Mentions of the topic
Topic Count Percent
0 1661 30.3
1 3818 69.7
# Load packages

if (!require("tidyverse")) install.packages("tidyverse")
if (!require("tidytext")) install.packages("tidytext")
if (!require("plotly")) install.packages("plotly")
if (!require("gtExtras")) install.packages("gtExtras")

library(tidyverse)
library(tidytext)
library(gtExtras) 
library(plotly)
library(lubridate)

# Read the data

mydata <- read.csv("https://raw.githubusercontent.com/drkblake/Data/main/NikeUniforms.csv")
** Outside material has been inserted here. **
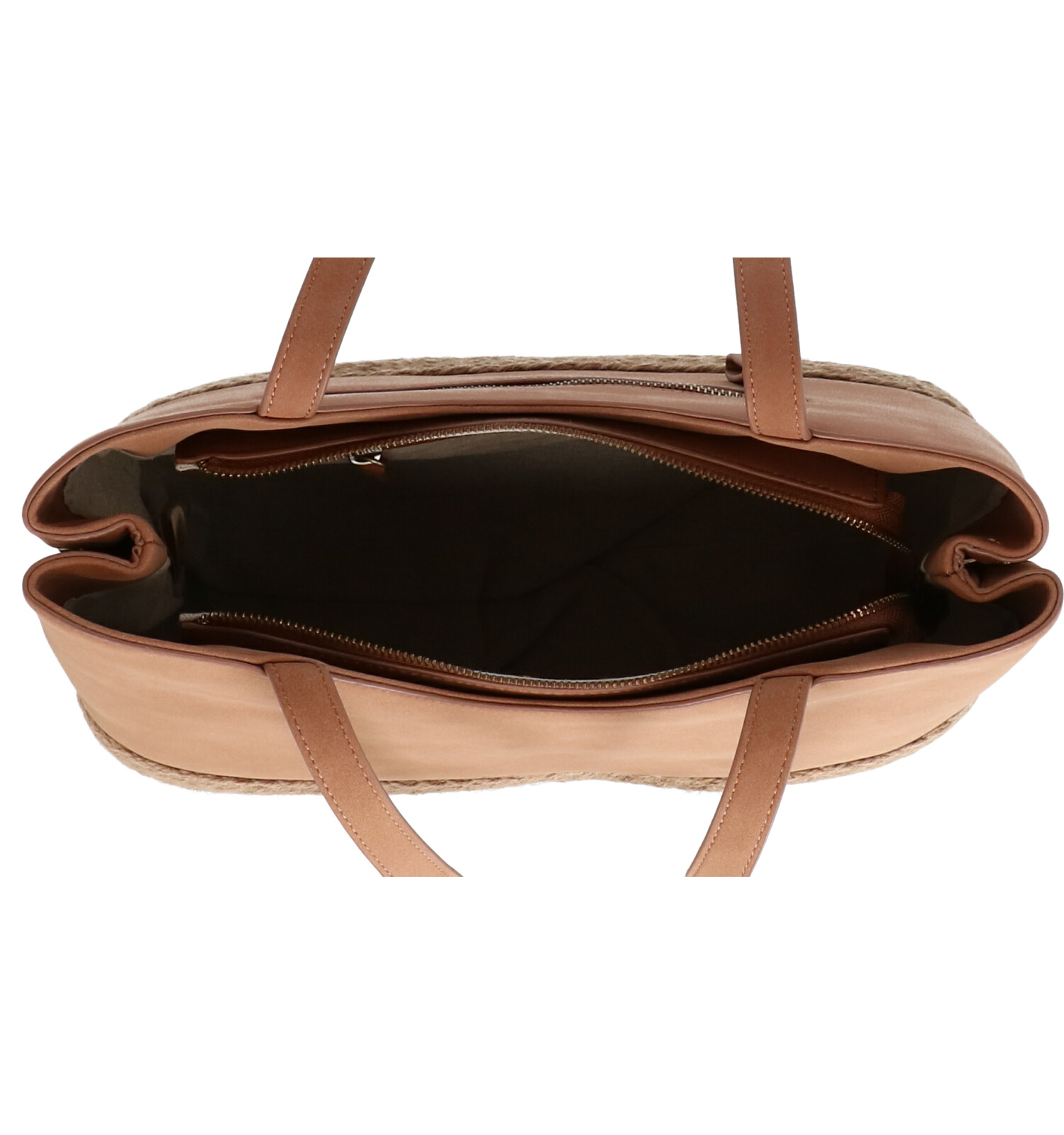 Je kan deze cognac shopper handtas van Woomen afsluiten door middel van een rits zodat de inhoud van je tas beschermt is.

# Counting posts about Biden

tidy_text <- mydata %>% 
  unnest_tokens(word,Full.Text) %>% 
  count(word, sort = TRUE)

# Deleting standard stop words

data("stop_words")
tidy_text <- tidy_text %>%
  anti_join(stop_words)

# Deleting custom stop words

my_stopwords <- tibble(word = c("https",
                                "t.co",
                                "rt"))
tidy_text <- tidy_text %>% 
  anti_join(my_stopwords)

head(tidy_text, 25)

searchterms <- "Nike|Women|Wear"

mydata$Topic <- ifelse(grepl(searchterms,
                             mydata$Full.Text,
                             ignore.case = TRUE),1,0)
Topic <- mydata %>%
  group_by(Topic) %>%
  summarize(
    Count = n(),
    Percent = round(n() / nrow(mydata) * 100, 1)
  )

TopicTable <- gt(Topic) %>% 
  tab_header("Mentions of the topic") %>%
  cols_align(align = "left") %>%
  gt_theme_538

TopicTable

# Graphing Topic posts over time

# Step 1: Convert the Date column to proper Date format if it's not already

mydata$Date <- as.Date(mydata$Date)

# Step 2: Filter to only include rows where the topic is mentioned

topic_mentions <- mydata %>%
  filter(Topic == 1)

# Step 3: Count topic mentions per week starting on Monday

weekly_topic_mentions <- topic_mentions %>%
  mutate(Week = cut(Date, breaks = "week", start.on.monday = TRUE)) %>%
  group_by(Week) %>%
  summarise(Mentions = n()) %>%
  mutate(Week = as.Date(Week))  # Convert back to Date for plotting

# Step 4: Plot

Plot <- plot_ly(
  data = weekly_topic_mentions,
  x = ~Week,
  y = ~Mentions,
  type = 'bar',
  marker = list(color = '#2c7fb8')
) %>%
  layout(
    title = list(text = "Weekly Mentions of the Topic", font = list(size = 20)),
    xaxis = list(title = "Week Starting On", tickformat = "%Y-%m-%d"),
    yaxis = list(title = "Number of Mentions"),
    bargap = 0.2
  )

Plot

# Counting phrases

# Extract phrases to a "tidy_phrases" data frame

tidy_phrases <- mydata %>% 
  unnest_tokens(phrase,Full.Text,token="ngrams", n=3) %>% 
  count(phrase, sort = TRUE)

# Delete custom stop words

my_stopphrases <- tibble(phrase = c("this is a",
                                    "should not be",
                                    "this is the",
                                    "one of the",
                                    "in order to"))
tidy_phrases <- tidy_phrases %>% 
  anti_join(my_stopphrases)

head(tidy_phrases, n=25)